● What you are asked to do:
Locate the line bearing "The white racetrack, the" in the material below, then reproduce it and each following line up to and including the line bearing "- До мене, як".

● Input for this task:
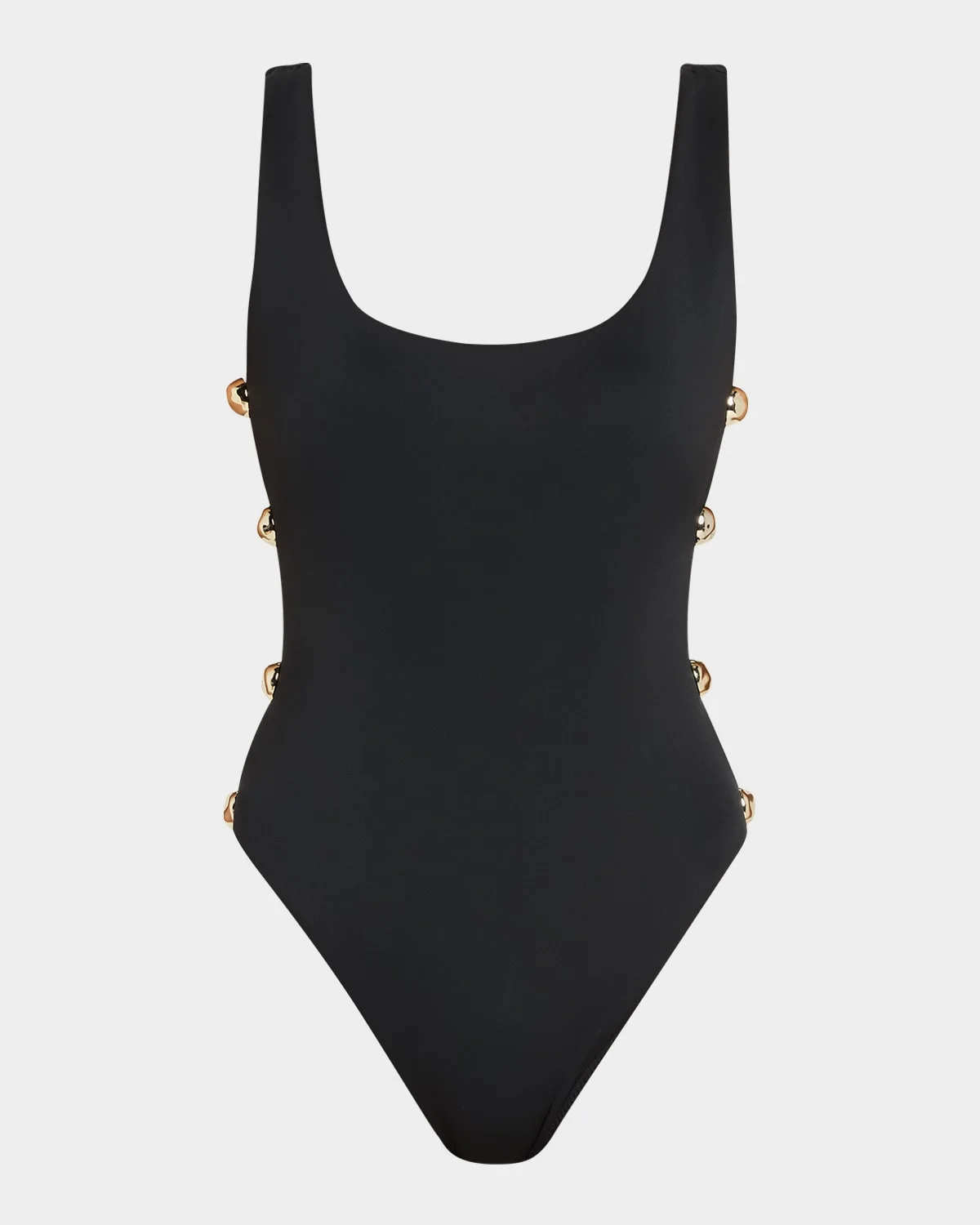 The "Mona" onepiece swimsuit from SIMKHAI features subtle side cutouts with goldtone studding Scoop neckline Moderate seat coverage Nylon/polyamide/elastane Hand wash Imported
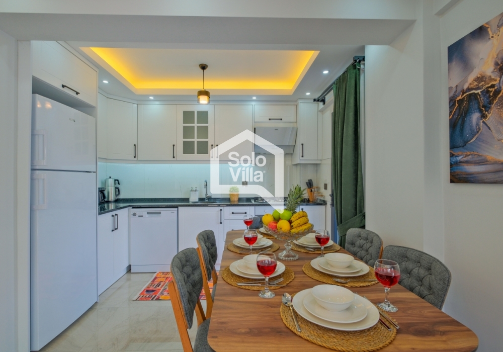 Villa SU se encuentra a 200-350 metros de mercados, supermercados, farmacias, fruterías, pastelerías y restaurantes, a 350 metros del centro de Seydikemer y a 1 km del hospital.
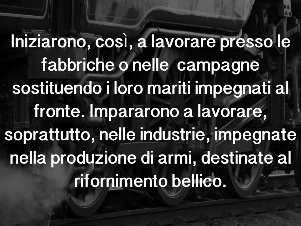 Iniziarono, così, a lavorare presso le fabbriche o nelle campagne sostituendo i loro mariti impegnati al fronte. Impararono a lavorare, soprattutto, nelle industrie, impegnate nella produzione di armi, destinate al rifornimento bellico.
==
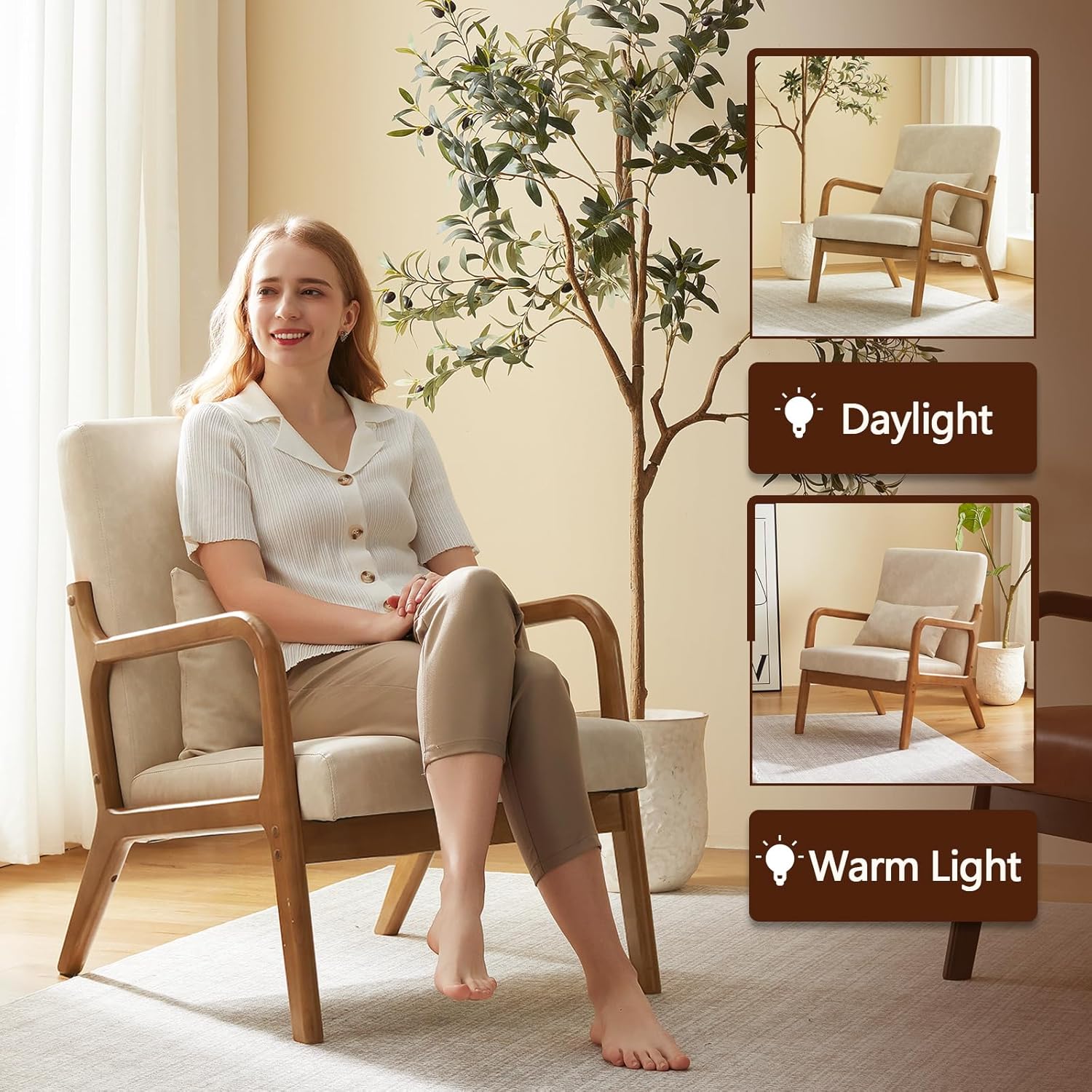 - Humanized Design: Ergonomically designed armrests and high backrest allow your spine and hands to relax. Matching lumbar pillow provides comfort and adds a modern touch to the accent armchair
---
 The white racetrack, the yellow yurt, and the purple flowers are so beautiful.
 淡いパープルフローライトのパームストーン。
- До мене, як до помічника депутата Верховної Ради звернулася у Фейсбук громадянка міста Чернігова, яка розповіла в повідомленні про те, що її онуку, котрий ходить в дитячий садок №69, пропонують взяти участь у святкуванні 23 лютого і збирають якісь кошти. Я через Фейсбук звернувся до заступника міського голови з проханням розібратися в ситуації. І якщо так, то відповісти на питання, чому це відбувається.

● Exercise solution:
 The white racetrack, the yellow yurt, and the purple flowers are so beautiful.
 淡いパープルフローライトのパームストーン。
- До мене, як до помічника депутата Верховної Ради звернулася у Фейсбук громадянка міста Чернігова, яка розповіла в повідомленні про те, що її онуку, котрий ходить в дитячий садок №69, пропонують взяти участь у святкуванні 23 лютого і збирають якісь кошти. Я через Фейсбук звернувся до заступника міського голови з проханням розібратися в ситуації. І якщо так, то відповісти на питання, чому це відбувається.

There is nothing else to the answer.